Dataset items
....
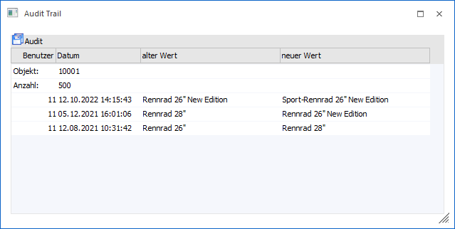 Neben der Benutzernummer und dem Änderungsdatum wird der "alte Wert" und der "neue Wert" angezeigt. Hierdurch lässt sich leicht nachvollziehen, wer wann welche Änderung durchgeführt hat.
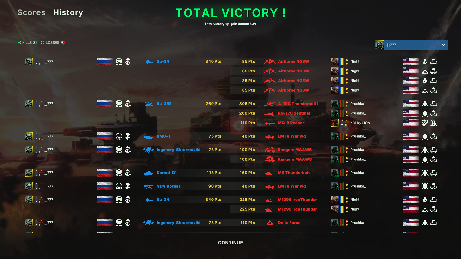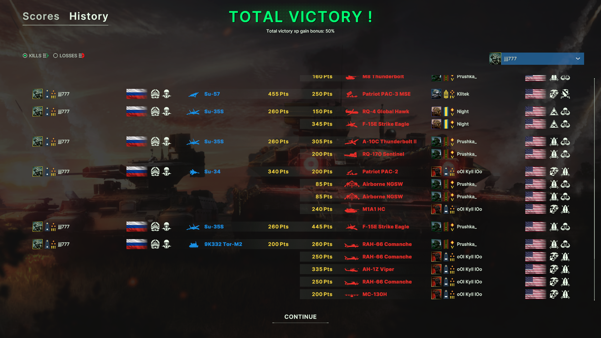 Впервые так много наубивал наверно, видимо карта крохотная, единственная с островом. Интересный мачтмайкинг с челиком 1900 vs 800, наверно тащил кого-то наверх, но играл он отвратно кста, спамил самолёты и арту, несколько раз выезжал по земле и при этом такое кд. Меня сминали в ноль один раз в середине игры, оставалось пара суплаев, снайперов и коалиция, горел sudden death, был во уверен в поражении.
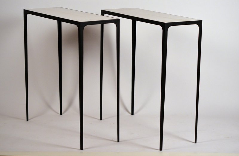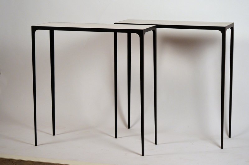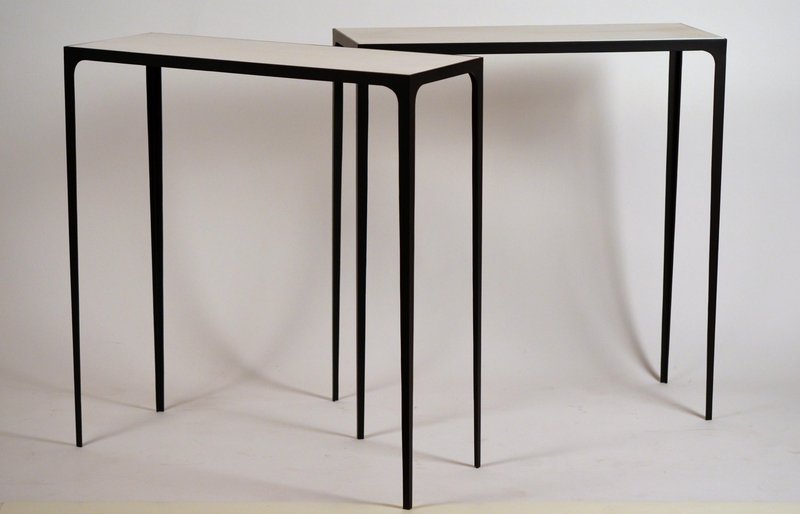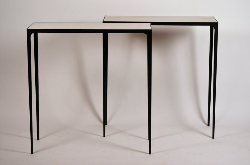 Esquisse Wrought Iron and Parchment Consoles by Atelier Cabanel, Set of 2
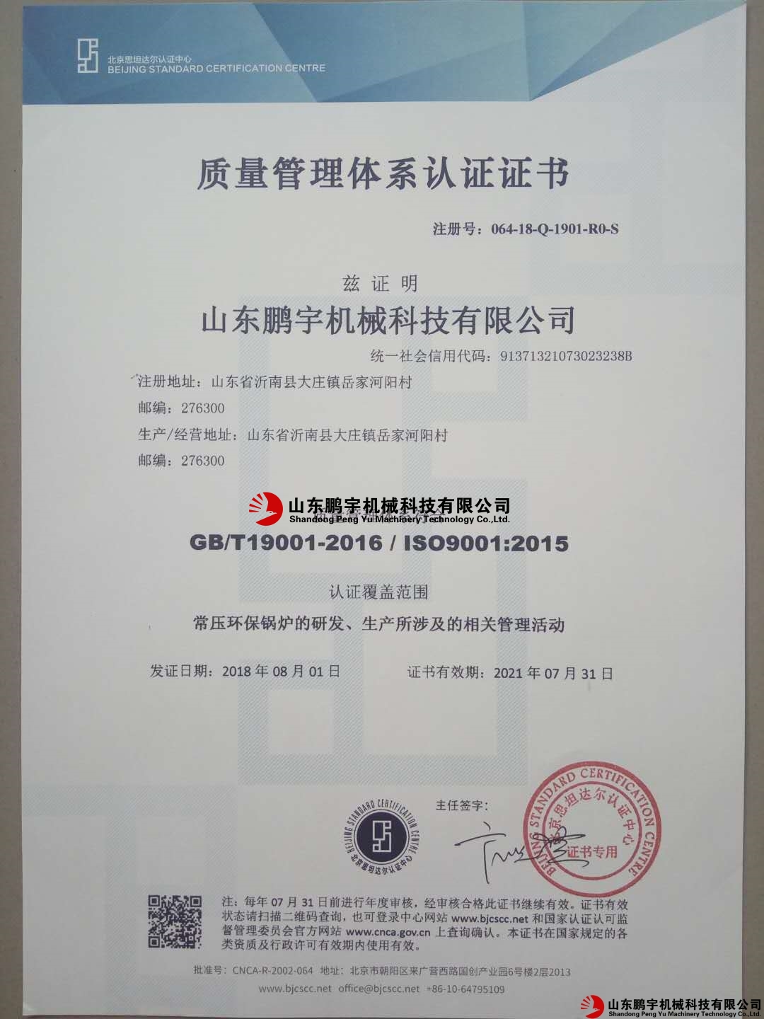 公司更名為山東鵬宇鍋爐有限公司
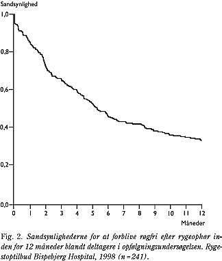 I Fig. 2 vises sandsynlighederne for at forblive røgfri efter rygeophør for de ansatte, som tog imod rygeafvænningstilbuddet og deltog i 12-måneders-opfølgningen. Tolv blandt disse gjorde dog aldrig et forsøg, hvilket afspejles i, at kurven starter med et lodret fald. Efter fem måneder er sandsynligheden for stadig at være røgfri 50%, og efter et år er sandsynligheden 33%.
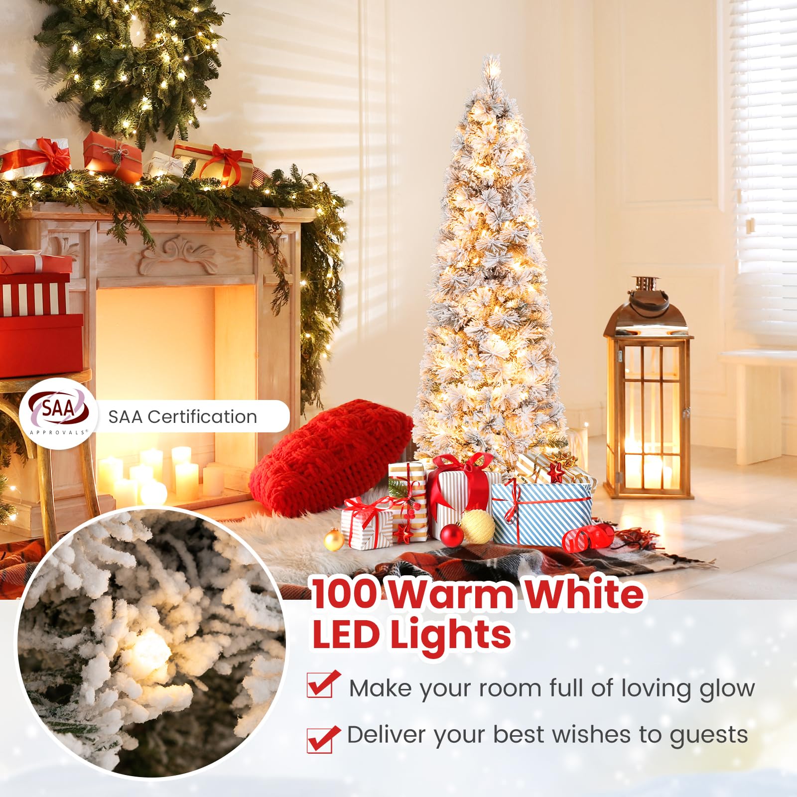 Its slim design, adorned with 258/373/466 flourishing branch tips, infuses your space with the vivacity of real trees while maintaining ample floor space. Revel in the tender glow emitted by up to 100/150/210 warm white LED lights, which will make your room full of loving glow. The Xmas tree seamlessly blends fan-shaped pine needles and lifelike PVC leaves, artfully replicating the natural charm of real trees. Crafted from 100% new PVC, it seamlessly withstands fire, fading and allergies, ensuring longevity. Transport yourself to a snow-covered wonderland with the delicately flocked appearance. The tree effortlessly assembles and disassembles with 3 sections, complemented by a stable folding metal stand that safeguards your floors. For your protection, a pair of gloves is thoughtfully included.
....
● Task item
Output all the records above again exactly, with the pictures dropped.

● Task solution
 Neben der Benutzernummer und dem Änderungsdatum wird der "alte Wert" und der "neue Wert" angezeigt. Hierdurch lässt sich leicht nachvollziehen, wer wann welche Änderung durchgeführt hat.
 Впервые так много наубивал наверно, видимо карта крохотная, единственная с островом. Интересный мачтмайкинг с челиком 1900 vs 800, наверно тащил кого-то наверх, но играл он отвратно кста, спамил самолёты и арту, несколько раз выезжал по земле и при этом такое кд. Меня сминали в ноль один раз в середине игры, оставалось пара суплаев, снайперов и коалиция, горел sudden death, был во уверен в поражении.
 Esquisse Wrought Iron and Parchment Consoles by Atelier Cabanel, Set of 2
 公司更名為山東鵬宇鍋爐有限公司
 I Fig. 2 vises sandsynlighederne for at forblive røgfri efter rygeophør for de ansatte, som tog imod rygeafvænningstilbuddet og deltog i 12-måneders-opfølgningen. Tolv blandt disse gjorde dog aldrig et forsøg, hvilket afspejles i, at kurven starter med et lodret fald. Efter fem måneder er sandsynligheden for stadig at være røgfri 50%, og efter et år er sandsynligheden 33%.
 Its slim design, adorned with 258/373/466 flourishing branch tips, infuses your space with the vivacity of real trees while maintaining ample floor space. Revel in the tender glow emitted by up to 100/150/210 warm white LED lights, which will make your room full of loving glow. The Xmas tree seamlessly blends fan-shaped pine needles and lifelike PVC leaves, artfully replicating the natural charm of real trees. Crafted from 100% new PVC, it seamlessly withstands fire, fading and allergies, ensuring longevity. Transport yourself to a snow-covered wonderland with the delicately flocked appearance. The tree effortlessly assembles and disassembles with 3 sections, complemented by a stable folding metal stand that safeguards your floors. For your protection, a pair of gloves is thoughtfully included.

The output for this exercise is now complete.